Found the Prefect tutorial by <@U018SPFQC8Y> to be...
# prefect-community
c
Found the Prefect tutorial by @Laura Lorenz to be highly informative - looking to deepen understanding and application of core concepts as per Prefect docs. Any chance we get more of such tutorials in the near future? Thanks for this great product!
❤️ 1
l
@CA Lee thank you! Do you mean the video tutorial? If so, yes, some more are coming out starting mid October. I’m collaborating with @Kyle Moon-Wright for some too, you may have seen him around the slack answering questions :) I’ll ping you when the next one is up!
c
@Laura Lorenz Yes, I was referring to the video Getting Started with Prefect (PyData Denver). That video really helped me to get started understanding how all the pieces fit together. Really liked your presentation style! It also helped that its a very relatable workflow (obtaining some data, cleaning it then storing it), and I appreciated the toggling between the code base signatures with explanation and also the overall architecture overview. Looking forward to the next one! It would be great if it was something similar in presentation style, but covering the core concepts as per Prefect docs. A generic use case really helps to nail those in 😀
l
You are going to absolutely love what @Kyle Moon-Wright and I are putting together then 🙂 It's exactly an ETL use case evolving from simple to adding on more and more core concepts, typed out in real time with code base/docs overlays! I'm excited to show you 🤗
🤩 1
c
Also, @Kyle Moon-Wright is helping me out on this one, but this follow-up question was actually from watching the video I mentioned:
Copy code
@task(cache_for=datetime.timedelta(days=1))
def get_complaint_data():
    do something

raw = get_complaint_data()
parsed = parse_complaint_data(raw)
populated_table = store_complaints(parsed)

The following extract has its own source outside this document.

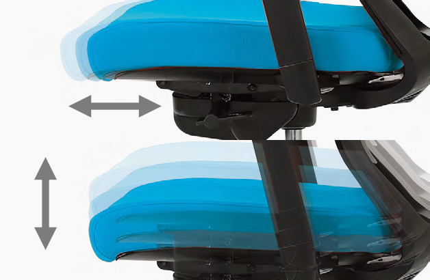 좌판의 측면 레버를 이용하여 사용자의 체형에 맞게 좌판의 깊이와 높이를 조절할 수 있습니다.

Question being that lets say some fetching of data (e.g. a web scraping script) is run on an hourly interval. Caching would help prevent the fetching from running again, but how would I then stop the parsing and populating, based on the cached state of the fetching data step? ( as it wouldn't make sense to clean or store the same cached data again )
l
If you still want other downstream tasks of your flow to run, IMHO you can use
cache_keys
to mark that all of those tasks share the same cache, and thus can consider themselves cached as long as that cache key is not invalidated. See https://github.com/PrefectHQ/prefect/blob/master/src/prefect/core/task.py#L156 and the last bullet in https://docs.prefect.io/core/concepts/persistence.html#output-caching (I know the api docs says deprecated there, but I'm pretty sure it's not actually deprecated yet until https://github.com/PrefectHQ/prefect/issues/2619 is done, in which case you would move that configuration onto the result). You could also use a custom trigger (https://docs.prefect.io/api/latest/triggers.html#triggers) since all triggers get their upstream dependency's edges and states (https://github.com/PrefectHQ/prefect/blob/b9914890dfec52610a42cd694427badafab8c8ba/src/prefect/triggers.py#L174) but depending how many other dependencies those tasks have it could get quite tricky, and afaik we don't have a published example that operates on specific upstream tasks to decide a trigger -- it should be possible, we just don't have any examples so you'd have to reverse engineer it a bit 🙂
🤗 1
upvote 1
c
Got it - will be spending some time working through those. Thanks for pointing me in the right direction!